Etymology-only languages are allowed. This function also correctly handles Wikipedia prefixes (e.g. {w:Abatemarco}
or {w:it:Colle Val d'Elsa} or {lw:ru:Филарет}) and Wikisource prefixes (e.g. {s:Twelve O'Clock} or
{s:[[Walden/Chapter XVIII|Walden]]} or {s:fr:Perceval ou le conte du Graal} or {s:ro:[[Domnul Vucea|Mr. Vucea]]} or
{ls:ko:이상적 부인} or {ls:ko:[[조선 독립의 서#一. 槪論|조선 독립의 서]]}) and converts them into two-part links,
with the display form not including the Wikipedia or Wikisource prefix unless it was explicitly specified using a
two-part link as in {lw:ru:[[Филарет (Дроздов)|Митрополи́т Филаре́т]]} or
{ls:ko:[[조선 독립의 서#一. 槪論|조선 독립의 서]]}. The difference between {w:} ("Wikipedia") and {lw:} ("Wikipedia
link") is that the latter requires a language code and returns the corresponding language object; same for the
difference between {s:} ("Wikisource") and {ls:} ("Wikisource link").
NOTE: Embedded links are not correctly handled currently. If an embedded link is detected, the whole term is returned
as the link part (third argument), and the display part is nil. If you construct your own link from the link and
display parts, you must check for this.
`parse_err_or_paramname` is an optional function of one or two arguments to display an error, or a string naming a
parameter to display in the error message. If omitted, a function is generated based off of `term`. (The second
argument to the function is the number of stack frames to ignore when calling error(); if you declare your error
function with only one argument, things will still work fine.)
]==]
function export.parse_term_with_lang(data_or_term, parse_err_or_paramname)

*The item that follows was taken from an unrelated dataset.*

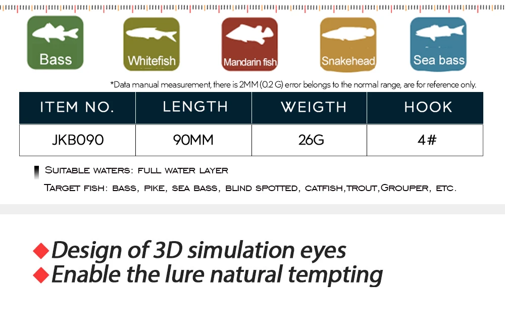 1) Bien diseñado y bien hecho: La vida 3D como ojos de pez con cuerpo impreso que atrae peces proporciona una excelente apariencia de Señuelos de Pesca.
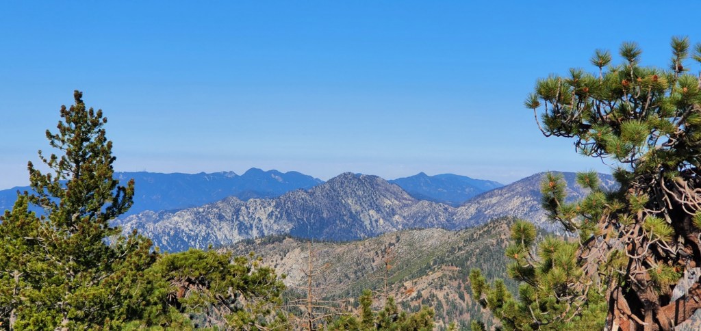 We started on trail at 8 am and right away headed up to Throop Peak at 9108 ft, 2776 m. The sharp climb, with no pack on, was a perfect way to start the day. The view from the top was excellent as well.

if type(data_or_term) == "string" then
data_or_term = {
term = data_or_term
}
if type(parse_err_or_paramname) == "function" then
data_or_term.parse_err = parse_err_or_paramname
else
data_or_term.paramname = parse_err_or_paramname
end
end
local term = data_or_term.term
local parse_err = data_or_term.parse_err or
data_or_term.paramname and export.make_parse_err(("%s=%s"):format(data_or_term.paramname, term)) or
export.make_parse_err(term)
-- Parse off an initial language code (e.g. 'la:minūtia' or 'grc:[[σκῶρ|σκατός]]'). First check for Wikipedia
-- prefixes ('w:Abatemarco' or 'w:it:Colle Val d'Elsa' or 'lw:zh:邹衡') and Wikisource prefixes
-- ('s:ro:[[Domnul Vucea|Mr. Vucea]]' or 'ls:ko:이상적 부인'). Wikipedia/Wikisource language codes follow a similar
-- format to Wiktionary language codes (see below). Here and below we don't parse if there's a space after the
-- colon (happens e.g. if the user uses {{desc|...}} inside of {{col}}, grrr ...).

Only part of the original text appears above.